Finally, we tested A. bartoniae DSM 45807 under conditions previously shown to induce GPA production. To this aim, 72-h precultures grown in SEED medium were used to inoculate main cultures in R5 (used for ristocetin production in A. japonica MG417-CF17 [42]), TM1 (used for teicoplanin production in Act. teichomyceticus ATCC 31121 [69]), FM2 (used for A40926 production in N. gerenzanensis ATCC 39727 [70]), and ISP2 (used for A50926 production in N. coxensis DSM 45129 [71]). These cultures were grown for up to 168 h, with broth samples collected at regular 24-h intervals and tested in the B. subtilis HB0950 growth inhibition assay. No GPA-related activity was detected in any of the media at any tested time point (Figure S20b).

4. Discussion

Since the discoveries made during the pre-genomic and genomic eras, the arsenal of Type I-IV GPA tailoring enzymes has remained largely constant [55,72]. Consequently, the presence of several unprecedented putative tailoring enzymes, coded in aba, is quite surprising.

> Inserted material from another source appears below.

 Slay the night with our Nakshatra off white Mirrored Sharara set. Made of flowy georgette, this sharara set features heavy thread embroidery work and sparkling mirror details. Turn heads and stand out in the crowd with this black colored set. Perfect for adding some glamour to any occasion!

These include novel GT1- and GT39-GTFs, a GT2-GTF, and an ASST-superfamily sulfotransferase. At the time of the initial discovery of the GPA BGC in A. bartoniae DSM 45807 [22], we doubted whether such a GPA BGC configuration was possible. However, the complete genome assembly of A. bartoniae DSM 45807 presented in this study has ruled out any sequencing artifacts, confirming the exotic organization of aba.

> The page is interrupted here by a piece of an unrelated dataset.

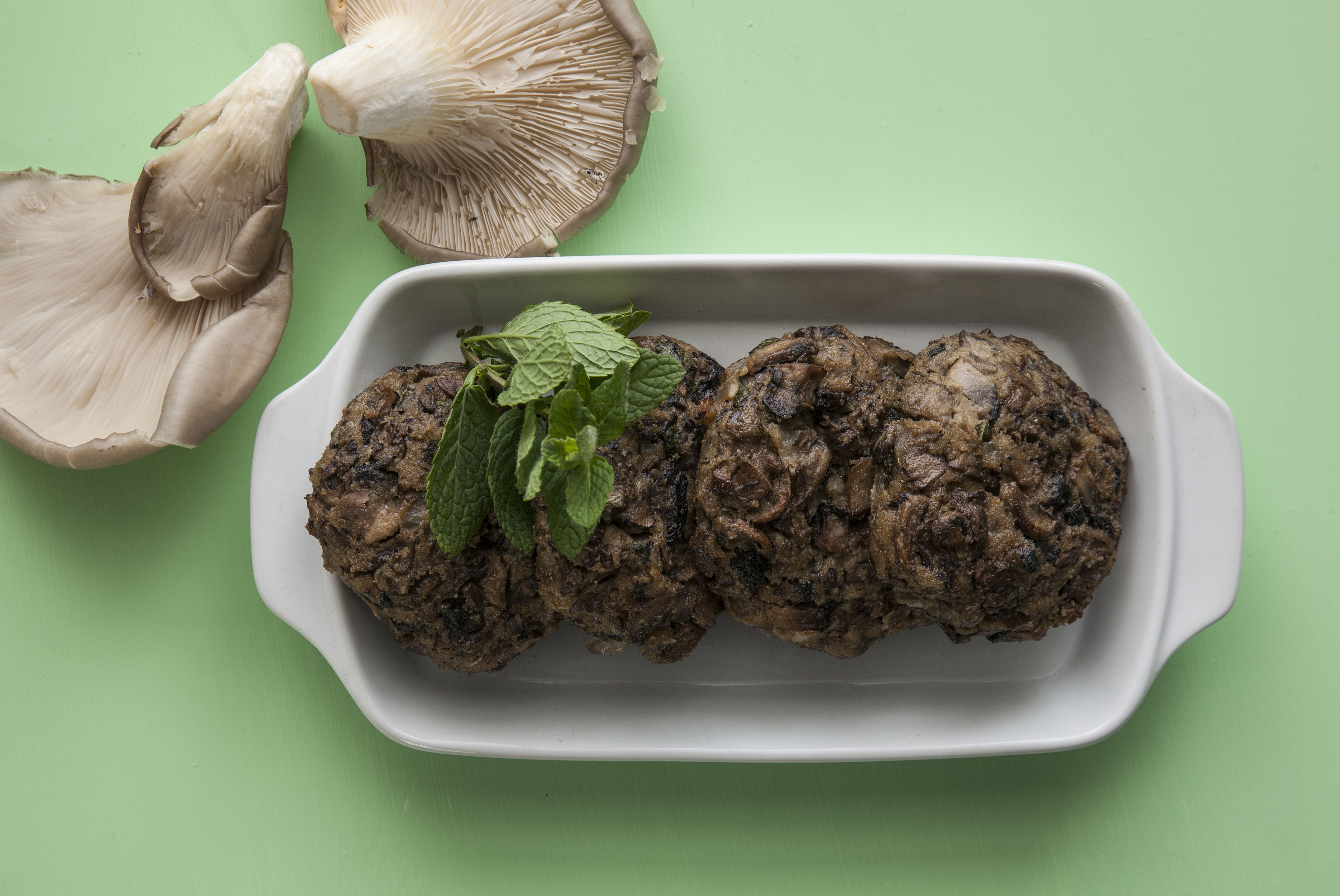 Κόβουμε τα μανιτάρια, το σκόρδο και το κρεμμύδι σε λεπτές φέτες και τα σοτάρουμε στα 100 ml ελαιόλαδο μέχρι να μαλακώσουν. Τα σβήνουμε με το μπράντι και αλατοπιπερώνουμε. Τα χτυπάμε στο μπλέντερ ελαφρά, να γίνουν ψιλοκομμένα. Τα αδειάζουμε σε ένα μπολ. Προσθέτουμε τον δυόσμο, το τυρί κρέμα, το κατίκι, τον κρόκο, το αλεύρι και ανακατεύουμε με τα χέρια, μέχρι να έχουμε ένα μείγμα που να πλάθεται. Το πλάθουμε σε μπιφτέκια μεγέθους της αρεσκείας μας. Τα τηγανίζουμε σε λίγο ελαιόλαδο, και από τις δύο πλευρές, μέχρι να ροδίσουν (περίπου 10 λεπτά συνολικά).

Pathway prediction suggests that the A. bartoniae GPA is a highly sulfated, halogenated, and methylated Type III compound (Figure 1c). While only one glycosylation site could be predicted with certainty—a d-mannose residue likely attached to AA7 of the aglycone, three additional GTFs encoded in aba may further extend the glycosylation pattern of the A. bartoniae GPA in an as-yet-unknown manner. Unfortunately, as indicated by our cultivation experiments, aba-encoded biosynthetic pathway appears to be inactive under a broad range of laboratory conditions, halting further investigation of GPA production in the native host. In silico analysis suggests a plausible cause for the lack of GPA production: aba lacks a gene for the 4-hydroxymandelate oxidase (Hmo), which is necessary for the production of Hpg, a key precursor for the NRPS assembly line. The genome of A. bartoniae DSM 45807 does encode four additional genes for α-hydroxy-acid oxidizing enzymes (34–45% aa s. i. with the Hmo encoded in the Amycolatopsis balhimycina DSM 5908 balhimycin BGC), but these genes do not appear capable of complementing the absence of the Hmo gene. Efforts to activate GPA production in A. bartoniae DSM 45807 may include additive feeding with 4-hydroxybenzoylformate or the heterologous expression of an Hmo gene. However, all our attempts to transfer plasmid DNA into A. bartoniae DSM 45807 cells have been unsuccessful so far. Despite these challenges, work to activate the aba BGC is ongoing in our laboratories.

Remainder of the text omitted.